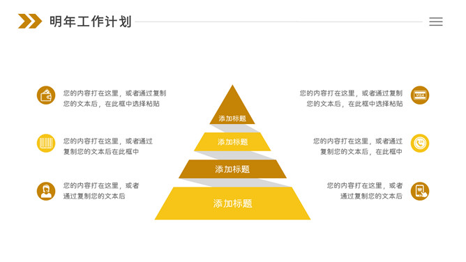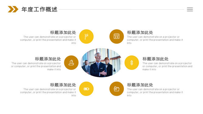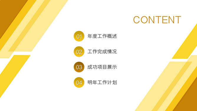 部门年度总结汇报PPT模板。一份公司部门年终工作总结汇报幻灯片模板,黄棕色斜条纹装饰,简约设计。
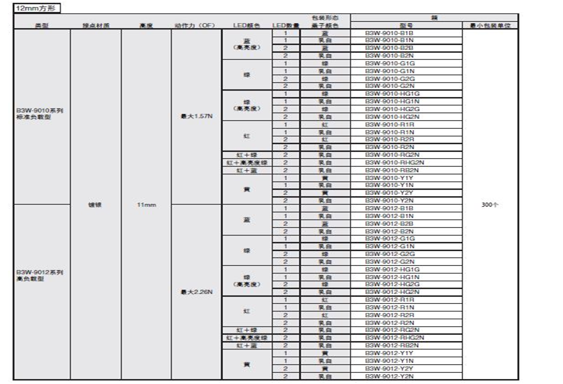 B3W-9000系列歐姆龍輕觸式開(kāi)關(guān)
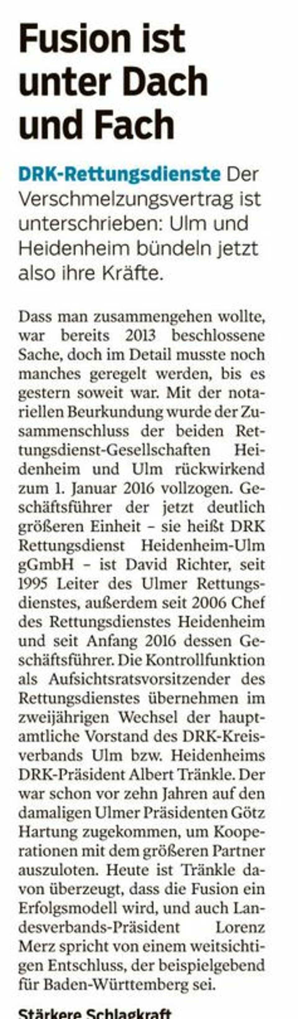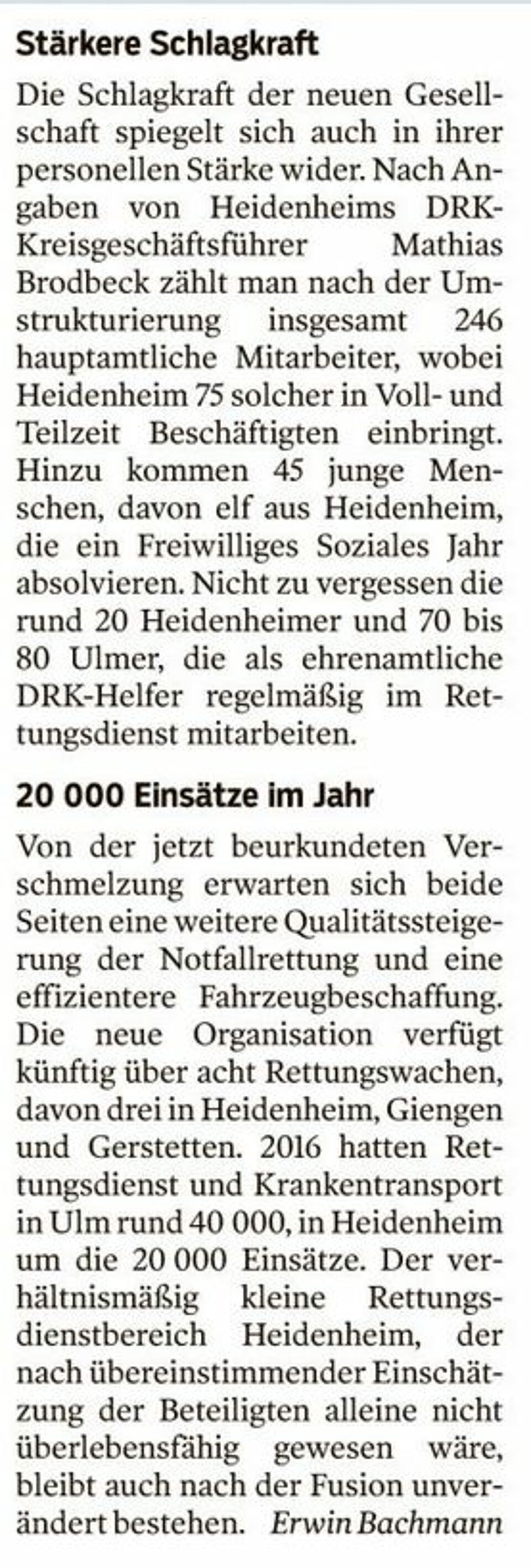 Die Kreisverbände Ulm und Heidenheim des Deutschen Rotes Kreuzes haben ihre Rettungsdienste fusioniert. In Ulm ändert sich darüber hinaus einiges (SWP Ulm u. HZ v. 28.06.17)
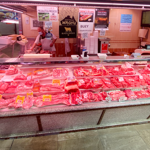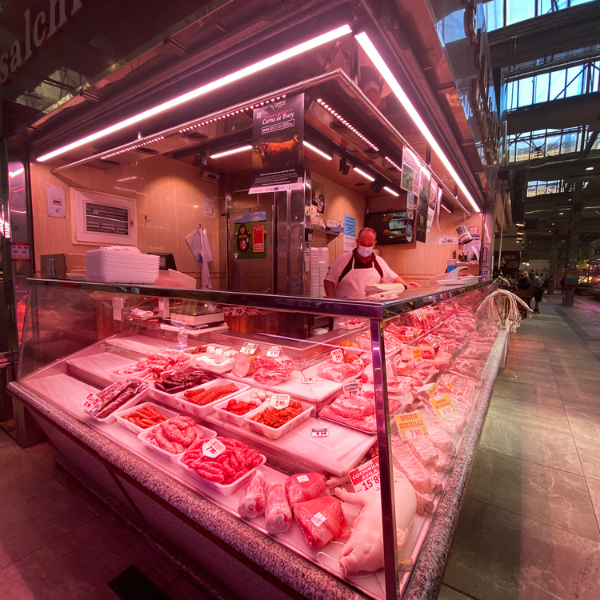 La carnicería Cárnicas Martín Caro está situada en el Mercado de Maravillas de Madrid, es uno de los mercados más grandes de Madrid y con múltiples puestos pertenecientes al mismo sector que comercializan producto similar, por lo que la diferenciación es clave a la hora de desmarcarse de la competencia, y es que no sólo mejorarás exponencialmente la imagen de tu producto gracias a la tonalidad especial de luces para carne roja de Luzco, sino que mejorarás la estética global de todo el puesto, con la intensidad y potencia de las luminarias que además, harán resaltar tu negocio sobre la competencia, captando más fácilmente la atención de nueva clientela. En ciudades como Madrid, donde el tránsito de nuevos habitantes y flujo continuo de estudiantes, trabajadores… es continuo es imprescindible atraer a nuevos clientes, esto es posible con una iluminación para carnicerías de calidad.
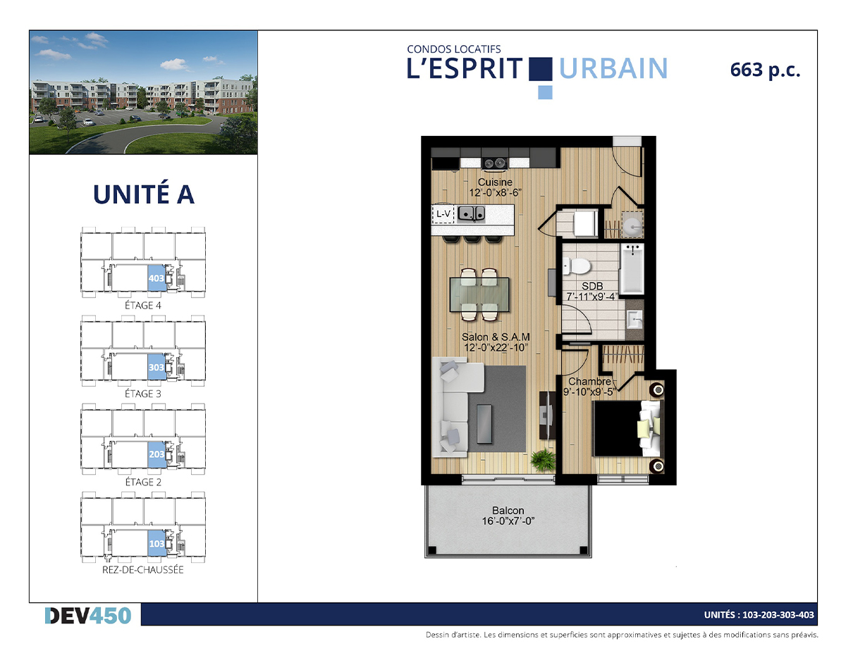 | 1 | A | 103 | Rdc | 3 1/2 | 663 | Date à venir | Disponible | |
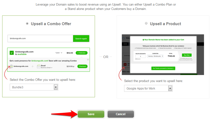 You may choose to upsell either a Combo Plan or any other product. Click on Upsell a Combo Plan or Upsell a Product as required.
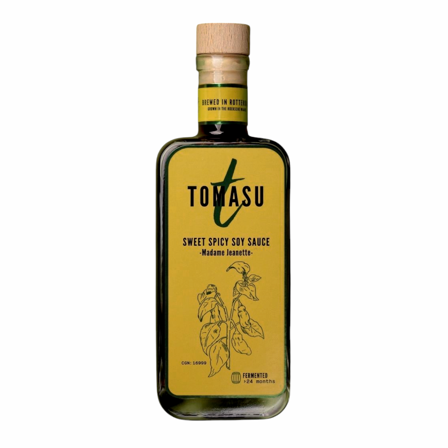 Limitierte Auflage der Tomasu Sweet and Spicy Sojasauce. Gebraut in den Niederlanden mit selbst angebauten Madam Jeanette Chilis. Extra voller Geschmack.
━━━
* **PROBLEM TO SOLVE**
Please reproduce all the material exactly. Pictures stay out of the copy.

* **WRITTEN RESPONSE**
 部门年度总结汇报PPT模板。一份公司部门年终工作总结汇报幻灯片模板,黄棕色斜条纹装饰,简约设计。
 B3W-9000系列歐姆龍輕觸式開(kāi)關(guān)
 Die Kreisverbände Ulm und Heidenheim des Deutschen Rotes Kreuzes haben ihre Rettungsdienste fusioniert. In Ulm ändert sich darüber hinaus einiges (SWP Ulm u. HZ v. 28.06.17)
 La carnicería Cárnicas Martín Caro está situada en el Mercado de Maravillas de Madrid, es uno de los mercados más grandes de Madrid y con múltiples puestos pertenecientes al mismo sector que comercializan producto similar, por lo que la diferenciación es clave a la hora de desmarcarse de la competencia, y es que no sólo mejorarás exponencialmente la imagen de tu producto gracias a la tonalidad especial de luces para carne roja de Luzco, sino que mejorarás la estética global de todo el puesto, con la intensidad y potencia de las luminarias que además, harán resaltar tu negocio sobre la competencia, captando más fácilmente la atención de nueva clientela. En ciudades como Madrid, donde el tránsito de nuevos habitantes y flujo continuo de estudiantes, trabajadores… es continuo es imprescindible atraer a nuevos clientes, esto es posible con una iluminación para carnicerías de calidad.
 | 1 | A | 103 | Rdc | 3 1/2 | 663 | Date à venir | Disponible | |
 You may choose to upsell either a Combo Plan or any other product. Click on Upsell a Combo Plan or Upsell a Product as required.
 Limitierte Auflage der Tomasu Sweet and Spicy Sojasauce. Gebraut in den Niederlanden mit selbst angebauten Madam Jeanette Chilis. Extra voller Geschmack.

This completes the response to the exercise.